Бонни кивнула, не поднимая головы. Жандарму, казалось, стало ее жалко.
— А как твое настоящее имя? — дружелюбно спросил он.
— Бонни, — сказала девушка тихо. Она закрывала руками грудь и срамное место. — Пожалуйста…
Корриер понял.
— Ладно, сладкая, я принесу тебе платьице, — примирительным тоном сказал он и подмигнул жандарму. — Я не хочу, чтобы кому-нибудь в голову взбрели дурные мысли. И чего только не бывает… — И, качая головой, он вышел, еще раз оглянувшись.
— А вы пока заприте этих двоих в разных камерах, — обратился он к жандарму, прежде чем уйти. — Чтобы у нас тут в конце концов не стало трое чернокожих!
Бонни снова кое-как оделась, и жандарм повел ее по коридору. Помещение для женщин так рано утром было еще пустым. Вечером, наверное, оно заполнялось портовыми проститутками, которые либо устроили дебош, либо обворовали своих клиентов, но пока что эта камера была в полном распоряжении Бонни. Девушка, тихо плача, свернулась клубочком в углу. Конечно, она не мерзла, даже в подвалах на Эспаньоле было жарко, но ей было стыдно до смерти. Теперь все начнется сначала. Ее продадут кому-нибудь, кто не может позволить себе купить рабыню получше… Бонни не строила иллюзий по поводу своей рыночной стоимости: у нее не было никаких особых способностей, и она не была ни сильной, ни красивой. То, что она умела читать и писать, ей не помогло бы — рабам это было запрещено. Единственным ее преимуществом до сих пор была только ее молодость. А она притягивала в первую очередь таких похотливых сластолюбцев, как Дейтон.
Бонни спрашивала себя, не лучше ли было бы, если бы ее повесили?
Немного погодя Корриер появился снова. Он принес Бонни застиранное голубое платье, которое было ей слишком велико. Работорговец наблюдал за тем, как она переодевалась, и вздохнул, когда заметил, что ее и без того малопривлекательное худое тело было усеяно шрамами.
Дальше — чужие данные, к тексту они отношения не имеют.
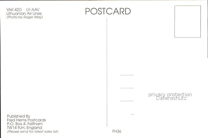 Flugzeuge Zivil Lithuanian Air Lines YAK 42D LY-AAV postalisch nicht gelaufen Erhaltung siehe scans
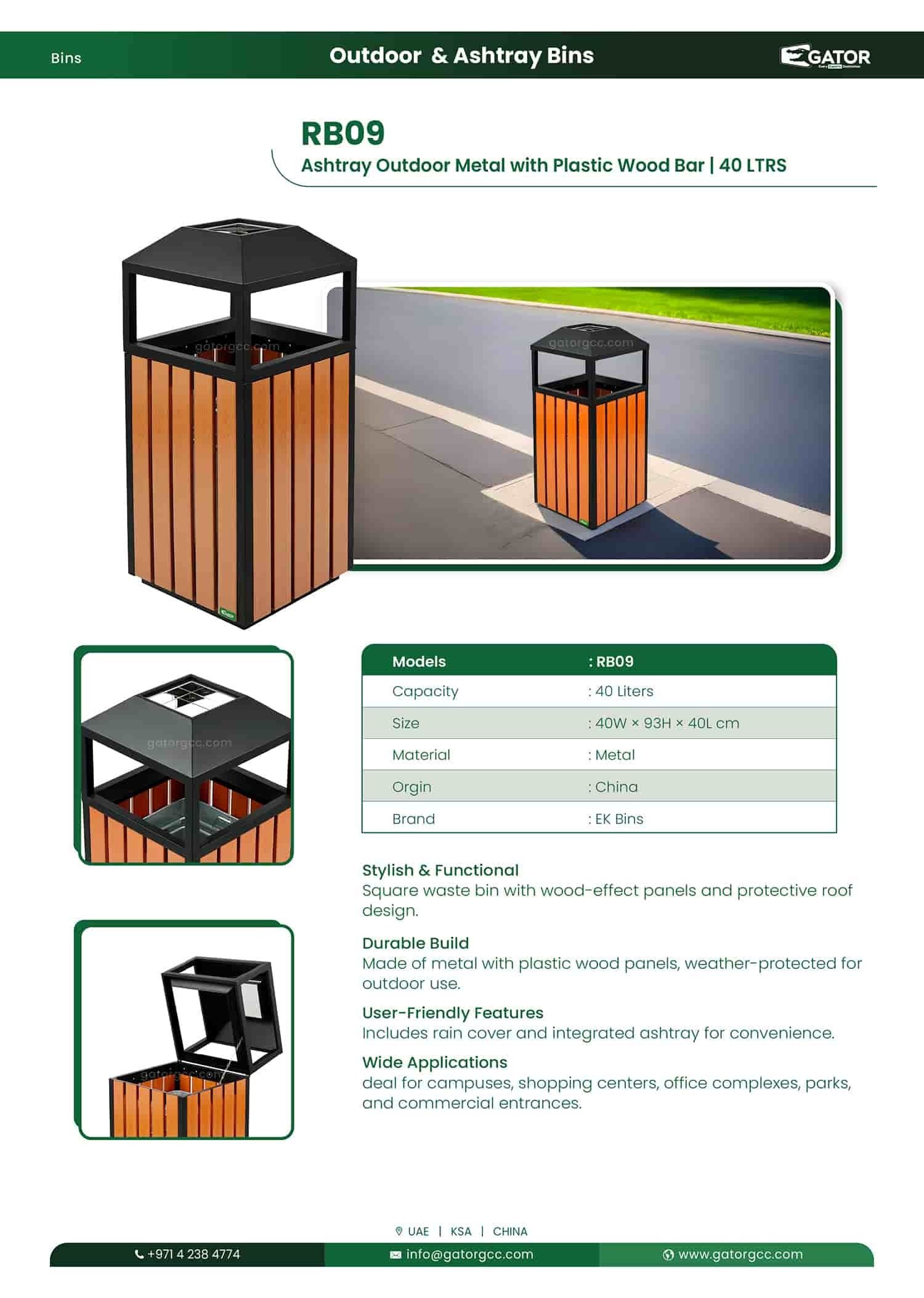 Ashtray Outdoor Metal with Plastic Wood Bar | 40 LTRS

— Когда… нас будут продавать? — в конце концов решилась Бонни обратиться к нему с вопросом.
Ее французский был не очень хорош. Она много понимала на наречии патуа, на котором разговаривали рабы и мулаты на островах — на корабле капитана Сигалла были представители самых разных национальностей, и каждый из них что-то заимствовал из языка других. Но в способности выражать свои мысли она все же была сильно ограничена.
Корриер потер лоб.
— Девка худая, страшная, и к тому же не умеет толком говорить, — пробормотал он себе под нос. И лишь потом обратился к Бонни: — Если тебя вообще кто-то купит, я буду благодарить небо… Но в любом случае рынок завтра. А сейчас пойдем со мной, у меня есть дом, и там ты сможешь поспать. Может быть, Марии удастся тебя хоть немного подготовить… чтобы ты не выглядела как пугало…
Испуганная Бонни последовала за ним. Она не имела ни малейшего понятия о том, каким образом эта Мария сможет сделать ее красивее, но надеялась, что в доме Корриера снова встретится с Джефом.
Однако ее надежды не оправдались. Джефа, закованного в цепи, вел один из жандармов, а Бонни разрешили сопровождать Корриера без оков. При этом чернокожим невозможно было даже перекинуться парой слов. В обшарпанном деревянном доме возле порта, куда их привели, Корриер сразу же отправил девушку в камеру, в которой находились другие чернокожие женщины. Бонни видела, что с Джефа сняли цепи лишь для того, чтобы заковать его ноги в кандалы. Он провел эту ночь, прикованный к другим рабам, которые имели такое же телосложение, как и он. Вероятно, Корриер планировал продать их одной группой какому-нибудь плантатору. У двоих мужчин на спине были большие рубцы от ударов плетью, но даже сейчас они не выглядели смирившимися — скорее были в ярости из-за постигшей их участи. Поодиночке, конечно, их вряд ли можно было продать, однако вместе с якобы послушными рабами за них все же можно было выручить вполне приемлемую сумму.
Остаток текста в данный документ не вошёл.